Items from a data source
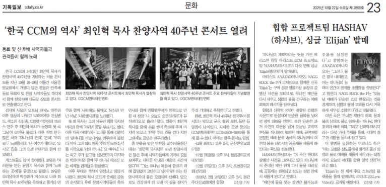 [기사] 힙합 프로젝트팀 HASHAV(하샤브), 싱글 ‘Elijah’ 발매(기독일보)
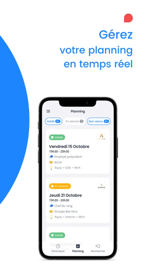 Avec notre application mobile, créez votre profil en seulement quelques minutes et gérez votre planning en temps réel.
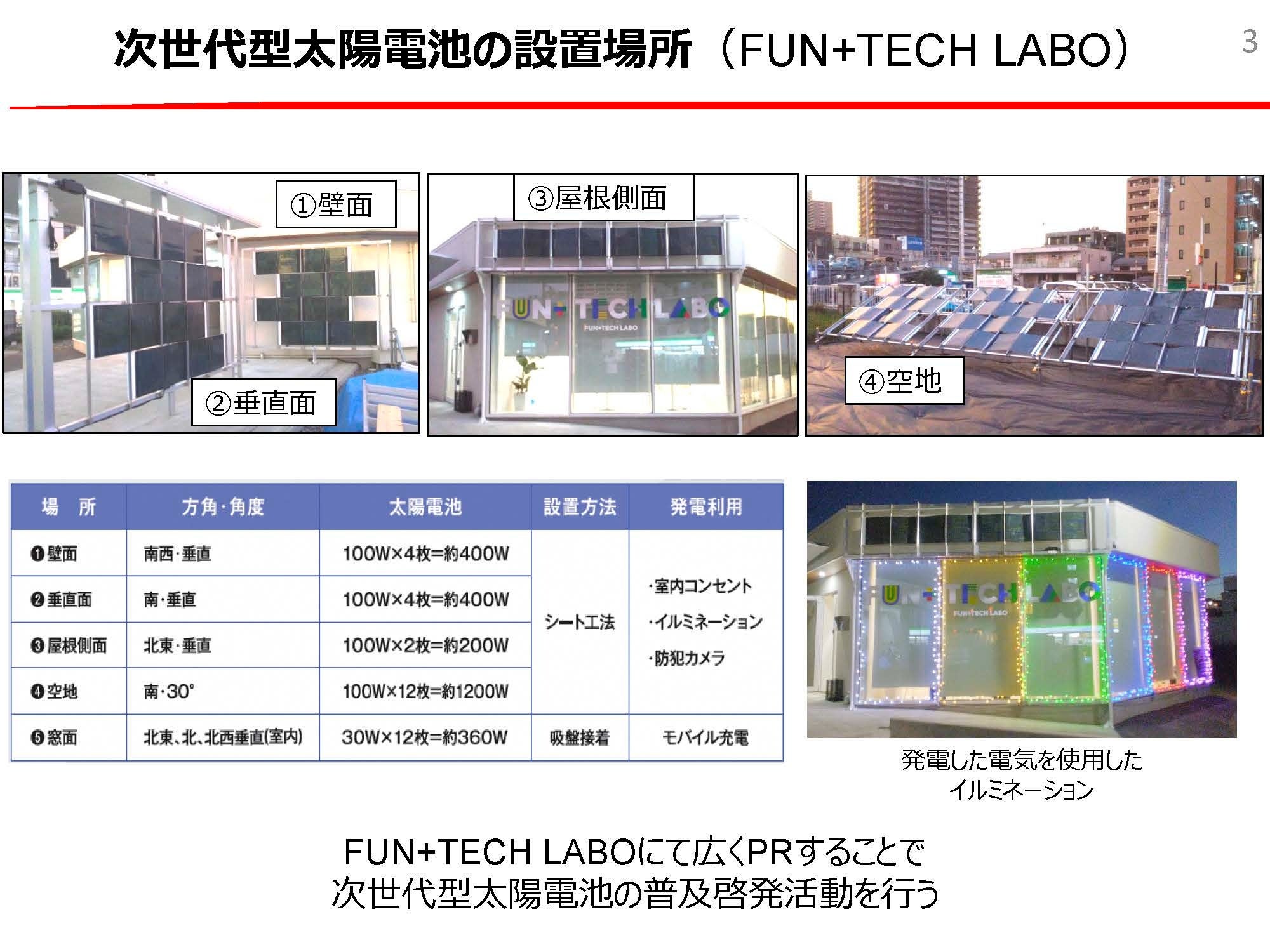 本実証実験では、相模原市リニア駅周辺のイノベーション創出促進拠点である「FUN+TECH LABO」(ファンタステックラボ、JR東海が運営)において、建物の壁面、窓および空き地に、「薄い、軽い、割れない」特徴を持つカルコパイライト太陽電池を設置しました。これまで設置が困難だった壁面等への施工性の確認や、暴風等に対する安全性の確認、方角や角度に応じた発電量の違いについて検証を行う事を目的としています。発電した電力は建物室内の電化製品、屋外の防犯カメラやイルミネーション等で利用します。なお、「FUN+TECH LABO」で実証実験を行うのは今回が初の事例となります。
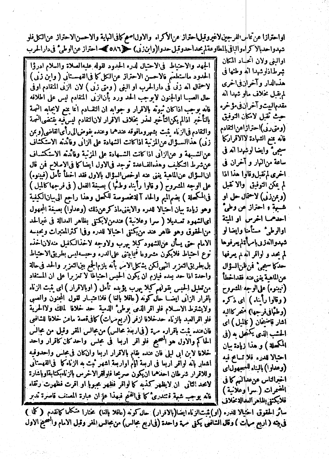 الْجُهْدِ، وَالِاحْتِيَاطِ فِي الِاحْتِيَالِ لِدَرْءِ الْحُدُودِ لِقَوْلِهِ - عَلَيْهِ الصَّلَاةُ وَالسَّلَامُ - «ادْرَءُوا الْحُدُودَ مَا اسْتَطَعْتُمْ» فَالْأَحْسَنُ الِاحْتِرَازُ عَنْ الْكُلِّ كَمَا فِي الْقُهُسْتَانِيِّ (وَأَيْنَ زَنَى) لِاحْتِمَالِ أَنَّهُ زَنَى فِي دَارِ الْحَرْبِ أَوْ الْبَغْيِ (وَمَتَى زَنَى) ؛ لِأَنَّ الزِّنَى الْمُتَقَادِمُ أَوْ فِي حَالِ الصِّبَا أَوْ الْجُنُونِ لَا يُوجِبُ الْحَدَّ وَرُدَّ بِأَنَّ الزِّنَى الْمُتَقَادِمُ لَيْسَ عَلَى إطْلَاقِهِ فَإِنَّهُ يُوجِبُ إذَا كَانَ ثُبُوتُهُ بِالْإِقْرَارِ وَجَوَابُهُ أَنَّ التَّقَادُمَ إنَّمَا يَمْنَعُ لِإِيجَابِهِ التُّهْمَةَ بِالتَّأْخِيرِ إذَا لَمْ يَكُنْ التَّأْخِيرُ لِعُذْرٍ بِخِلَافِ الْإِقْرَارِ؛ لِأَنَّ التَّقَادُمَ لَيْسَ فِيهِ مَا يَقْتَضِي التُّهْمَةَ، وَالتَّقَادُمُ فِي الزِّنَا يَثْبُتُ بِشَهْرٍ وَمَا فَوْقَهُ عِنْدَهُمَا وَعِنْدَهُ يُفَوَّضُ إلَى رَأْيِ الْقَاضِي (وَبِمَنْ زَنَى) هَذَا السُّؤَالُ عَنْ الْمُزَنِيَّةِ إذَا كَانَتْ الشَّهَادَةُ عَلَى الزَّانِي وَفَائِدَتُهُ الِاسْتِكْشَافُ عَنْ الشُّبْهَةِ وَعَنْ الزَّانِي إذَا كَانَتْ الشَّهَادَةُ عَلَى الْمُزَنِيَّةِ وَفَائِدَتُهُ الِاسْتِكْشَافُ عَنْ شَرْطِ التَّكْلِيفِ وَهَذِهِ الْقَاعِدَةُ تُوجَدُ فِي الْأَوَّلِ أَيْضًا كَمَا فِي الْإِصْلَاحِ فَمَنْ قَالَ إنَّ السُّؤَالَ عَنْ الْمَاهِيَّةِ يُغْنِي عَنْهُ أَوْ خَصَّ السُّؤَالَ بِالْأَوَّلِ فَقَدْ أَخْطَأَ تَأَمَّلْ (فَبَيَّنُوهُ) عَلَى الْوَجْهِ الْمَشْرُوحِ (وَقَالُوا رَأَيْنَاهُ وَطِئَهَا) بِصِيغَةِ الْفِعْلِ (فِي فَرْجِهَا كَالْمِيلِ فِي الْمُكْحُلَةِ) بِضَمِّ الْمِيمِ، وَالْحَاءِ آلَةٌ مَخْصُوصَةٌ لِلْكُحْلِ، وَهَذَا رَاجِعٌ إلَى بَيَانِ الْكَيْفِيَّةِ، وَهُوَ زِيَادَةُ بَيَانٍ احْتِيَالًا لِلدَّرْءِ وَإِلَّا يُغْنِي مَا ذُكِرَ عَنْ ذَلِكَ (وَعُدِّلُوا) بِصِيغَةِ الْمَجْهُولِ أَيْ الشُّهُودُ تَعْدِيلًا (سِرًّا وَعَلَانِيَةً) عِنْدَ مَنْ لَا يَكْتَفِي بِظَاهِرِ الْعَدَالَةِ فِي غَيْرِ الْحَدِّ مِنْ الْحُقُوقِ، وَهُوَ ظَاهِرٌ عِنْدَ مَنْ يَكْتَفِي احْتِيَالًا لِلدَّرْءِ وَفِي أَكْثَرِ الْمُعْتَبَرَاتِ وَيَحْبِسُهُ الْإِمَامُ حَتَّى يَسْأَلَ عَنْ الشُّهُودِ كَيْ لَا يَهْرُبَ وَلَا وَجْهَ لِأَخْذِ الْكَفِيلِ مِنْهُ؛ لِأَنَّ أَخْذَهُ نَوْعُ احْتِيَاطٍ فَلَا يَكُونُ مَشْرُوعًا فِيمَا يُبْتَنَى عَلَى الدَّرْءِ وَحَبْسُهُ لَيْسَ بِطَرِيقِ الِاحْتِيَاطِ، بَلْ بِطَرِيقِ التَّعْزِيرِ انْتَهَى لَكِنْ يُشْكِلُ الْأَمْرُ بِأَنَّهُ يَلْزَمُ الْجَمْعُ بَيْنَ التَّعْزِيرِ، وَالْحَدِّ فِي حَالَةٍ وَاحِدَةٍ إذَا حُدَّ بَعْدَهُ فَيَلْزَمُ أَنْ يَكُونَ الْحَبْسُ احْتِيَاطًا لَا تَعْزِيرًا عَلَى أَنَّ الْمُسْتَفَادَ مِنْ تَعْلِيلِ الْحَبْسِ بِقَوْلِهِمْ كَيْ لَا يَهْرُبَ يُؤَيِّدُهُ تَأَمَّلْ.
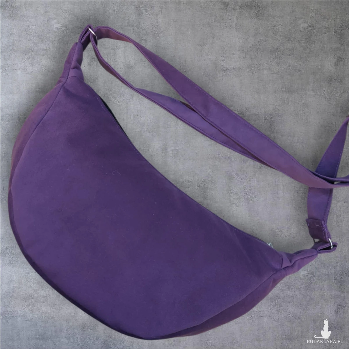 Uszyta z fioletowego weluru oraz printu wodoodpornego i ekoskóry, w środku czarna podszewka. Pasek z weluru o szerokości 3cm.
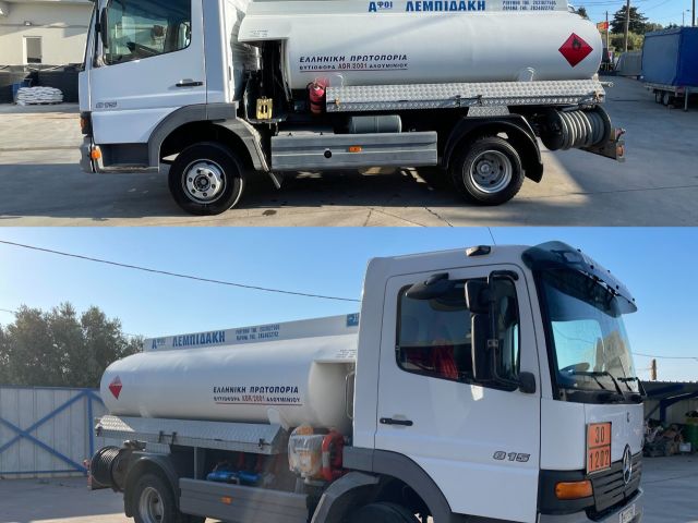 Πωλείται βυτιοφόρο υγρών καυσίμων Mercedes Benz ATEGO 815, λευκό, μοντέλο 2000 με καύσιμο πετρέλαιο. Η δεξαμενή είναι κατασκευασμένη από αλουμίνιο. Το βυτίο είναι χωρητικότητας 5800 λίτρων (ογκομέτρηση) χωρισμένο σε τρία διαμερίσματα και περιλαμβάνει τρεις καρούλες των 1″, 1 3/4″ και 1 1/2″. Έχει 371.000 χιλιόμετρα και το μικτό του βάρος είναι 7.500. Όλα τα πιστοποιητικά του οχήματος είναι σε ισχύ (Λεμπιδάκης Ιωάννης 6976777140)
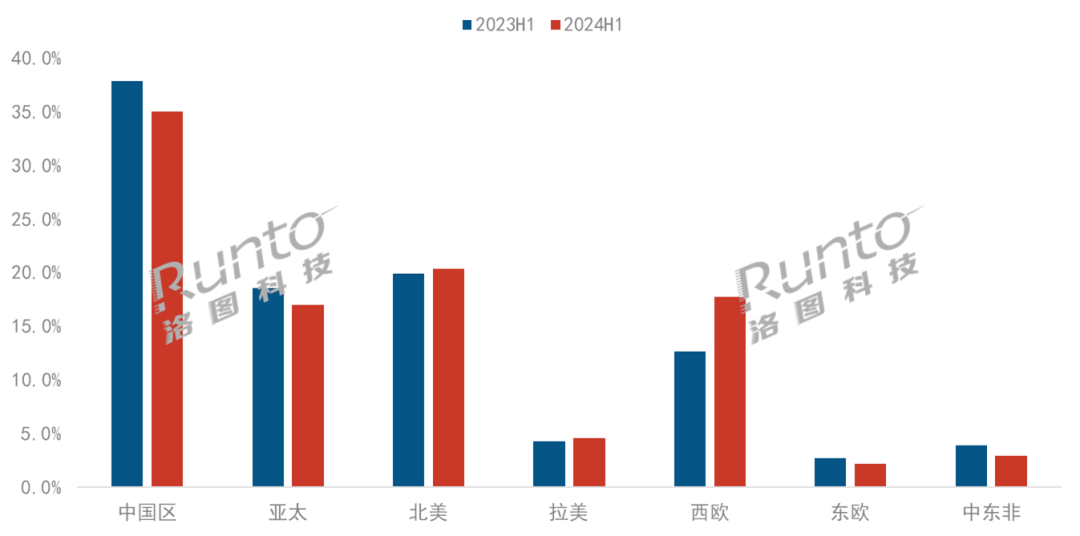 2024H1 全球投影機市場分區(qū)域出貨量結(jié)構(gòu)
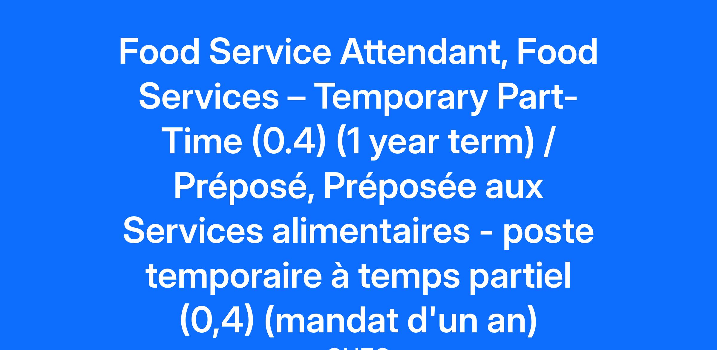 Compensation Pay Range: $23.97-$29.46 Job Description: Please Note: If you are a current CHEO employee with access to Workday, please apply to this posting via the Workday application as an internal applicant using the Jobs Hub. To successfully apply for this position, please submit your application by 11:59 pm the day before the advertised closing date in the posting to ensure your application is received. POSITION SUMMARY CHEO offers its patients hotel-style food services. Room service at CHEO is very much like the room service you would find at any hotel. The room service initiative has been well received by patients and their families and it has been a success story for the hospital. We are in the process of launching our patient ordering app in August. In our retail locations we offer our own Crafted at CHEO brand for our induction style concept in our Cafeteria. Our second floor shop offers Mr Sub, Pizza Pizza and we proudly brew Starbucks coffee. As part of our retail umbrella we operate the Treehouse Gift Shop which offers wide array of Plush, Lego and other brands for our patients, families and staff. As a Food Service Attendant at CHEO you be responsible for: Preparation and handling of food items in accordance to department regulations Preparation of formula feeds Patient tray set up and assembly Delivery and pick up trays to patient areas Preparation and set up of catering functions Cash and closing procedures Operation of dish machine Maintenance of safe and sanitary conditions in work areas Work in retail locations (Mr Sub, Pizza Pizza, Starbucks) Other duties as assigned QUALIFICATIONS Criminal Record Check (Essential) Grade 12 diploma (Essential) Demonstrated initiative, team work and flexible work schedule (Essential) Demonstrated skills in dealing with the public (Essential) Demonstrated excellent communication skills (Essential) Ability to work with minimal supervision (Essential) Minimum 6 months experience in food service operation (Essential) Physical strength sufficient to correspond to job requirements (Essential) Ability to prioritize (Essential) Bilingualism (English and French) (Preferred) Successful completion of Food Handler Certification (Preferred) This assignment may be extended or shortened based on operational needs. * Please note you will be represented by the Ontario Federation Healthcare Workers – Laborers International Union of North America, (OFHCW-LiUNA). Effective March 29, 2021, CHEO will conduct a more comprehensive pre-screening and evaluation process. This process may include more varied and multidimensional testing such as a written test, practical exam, or other assessment. All candidates who meet the essential and preferred qualifications may be tested. CHEO values diversity and is an equal opportunity employer. We are committed to providing an inclusive and barrier-free work environment, starting with the hiring process and welcome interest from all qualified applicants. Should you require accommodation during any phase in the recruitment process, please contact Human Resources at talentacquisition@cheo.on.ca. All information received in relation to accommodation will be kept confidential and will be handled in compliance with the Accessibility for Ontarians with Disabilities Act. Bilingualism (French/English) will be validated by a language proficiency assessment conducted by a third party provider. Candidates will be required to meet the minimum linguistic profile prior to the date of hire. CHEO is committed to providing a safe environment for staff, patients, and visitors. Consistent with that commitment, all applicants must be fully vaccinated against COVID-19 to be considered for any staff or volunteer opportunities. Applicants are also strongly encouraged to receive their COVID-19 booster shots when eligible to protect against the spread of COVID-19. Upon hiring, presentation of government issued documentation confirming full vaccination must be provided, or presentation of supporting documentation of a valid medical contraindication or other reasonable consideration pursuant to the Ontario Human Rights Code. We thank all those who apply, however, only those to be interviewed will be contacted. Veuillez noter : si vous êtes actuellement un employé du CHEO ayant accès à Workday, veuillez postuler à cette offre via l'application Workday en tant que candidat interne. Veuillez noter : pour postuler avec succès à ce poste, veuillez soumettre votre candidature avant 23 h 59 la veille de la date de clôture annoncée dans l'affichage pour vous assurer que votre candidature est reçue. RÉSUMÉ DES FONCTIONS Le CHEO offre à ses patients des services de restauration de style hôtelier. Dans nos commerces de détail, nous offrons notre propre marque Crafted par CHEO pour notre concept de style induction dans notre cafétéria. Notre café situé au deuxième étage propose des produits Mr Sub, Pizza Pizza et nous préparons fièrement du café Starbucks. Dans le cadre de nos commerces de vente au détail généralistes, nous exploitons le Treehouse Gift Shop qui offre un large éventail de produits de marques Plush, Lego et autres pour nos patients, nos familles et notre personnel. En tant que préposé(e) aux Services alimentaires au CHEO, vous serez responsable de ce qui suit : Préparer et manipuler les aliments conformément aux règlements du Ministère. Préparer les aliments pour nourrissons. Préparer les plateaux des patients et les disposer dans le bon ordre. Apporter les plateaux aux unités des patients, puis aller les rechercher. Préparer et installer les services de restauration. Suivre les processus de transaction et de fermeture de la caisse. Utiliser le lave‑vaisselle. Maintenir l’hygiène et la sécurité des aires de travail. Travailler dans des points de vente au détail (Mr Sub, Pizza Pizza, Starbucks) Accomplir d’autres tâches selon les besoins. QUALIFICATIONS Vérification du casier judiciaire (VCJ) (Es
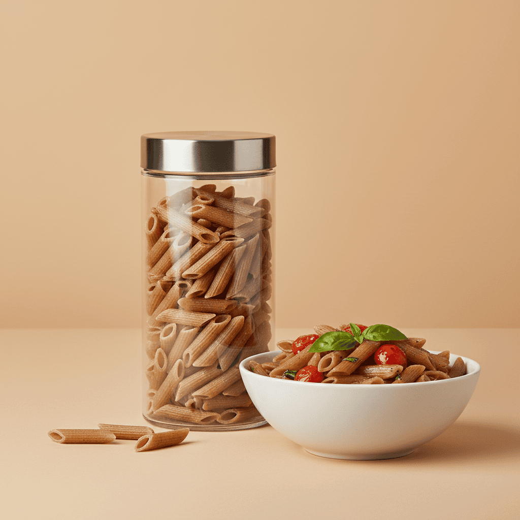 Penne rigate integrali De Cecco n.41, pasta di semola integrale con fibra e gusto rustico, ideale con sughi saporiti o condimenti leggeri.

> _Problem to solve_
Copy only these lines from the records above, exactly: the one with "Πωλείται βυτιοφόρο υγρών", the one with "2024H1 全球投影機市場分區(qū)域出貨量結(jié)構(gòu)", and those between. Skip the pictures.

> _Result for this task_
 Πωλείται βυτιοφόρο υγρών καυσίμων Mercedes Benz ATEGO 815, λευκό, μοντέλο 2000 με καύσιμο πετρέλαιο. Η δεξαμενή είναι κατασκευασμένη από αλουμίνιο. Το βυτίο είναι χωρητικότητας 5800 λίτρων (ογκομέτρηση) χωρισμένο σε τρία διαμερίσματα και περιλαμβάνει τρεις καρούλες των 1″, 1 3/4″ και 1 1/2″. Έχει 371.000 χιλιόμετρα και το μικτό του βάρος είναι 7.500. Όλα τα πιστοποιητικά του οχήματος είναι σε ισχύ (Λεμπιδάκης Ιωάννης 6976777140)
 2024H1 全球投影機市場分區(qū)域出貨量結(jié)構(gòu)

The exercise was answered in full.